Recipe by grovinchicken
This recipe comes from a book called" "365 Ways to Cook Chinese" by Rosa Lo San Ross. This is for honored guest, starting a meal with an appetizer platter of sliced meat is a sign of respect. This dish with a sauce made from fresh plums is not only delicious but very pretty and, of course, the red color denotes good luck.
- 4 ripe plums (about 3/4 lbs)
- 2 tablespoons hoisin sauce
- 2 tablespoons soy sauce
- 1 teaspoon pepper
- 1 tablespoon sesame oil
- 2 teaspoons fresh ginger, minced
- 2 tablespoons orange juice
- 1 tablespoon lemon juice
- 4 (3/4 lb) pork tenderloin
Directions See How It's Made
- Cut plums in quarters and remove seeds.
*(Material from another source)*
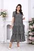 Свободный А-силуэт мягко ложится по фигуре, деликатно скрывая нюансы и создавая красивую линию силуэта. Двухъярусные воланы добавляют образу динамики и лёгкости, а кружевная фактура придаёт глубину и благородство. Короткий рукав делает платье комфортным для тёплого сезона, а натуральная хлопковая подкладка обеспечивает приятные ощущения в течение всего дня.
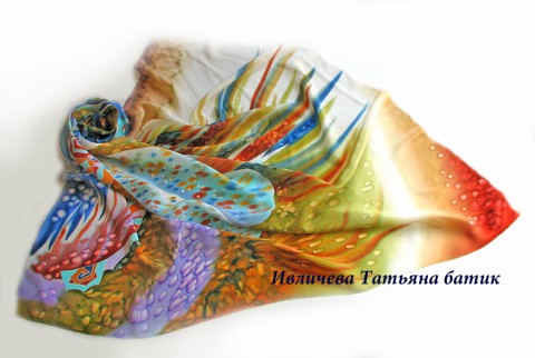Шелковый платок "Стрекоза" с авторской росписью и красивой цветовой композицией, подчеркнут вашу индивидуальность.

- In a small saucepan, cook plums with 2 tablespoons cold water until soft and mushy, about 15 minutes.
- Let cool.
- Add hoisin sauce, soy sauce, pepper, sesame oil, ginger, orange juice, lemon juice, and 1/4 cup of water, stir to blend marinade well.
- Trim Pork tenderloin, if necessary.
- Place in a roasting pan and coat with marinade.
- Cover pan with plastic wrap and refrigerate for 3 hours.
- Preheat oven to 400°F.
- Roast pork in marinade, uncovered, until pork is white throughout, 30-35 minutes.
- Remove meat to a carving board, slice, and arrange on a platter.
- Spoon pan juices over meat.
- Serve warm or at room temperature.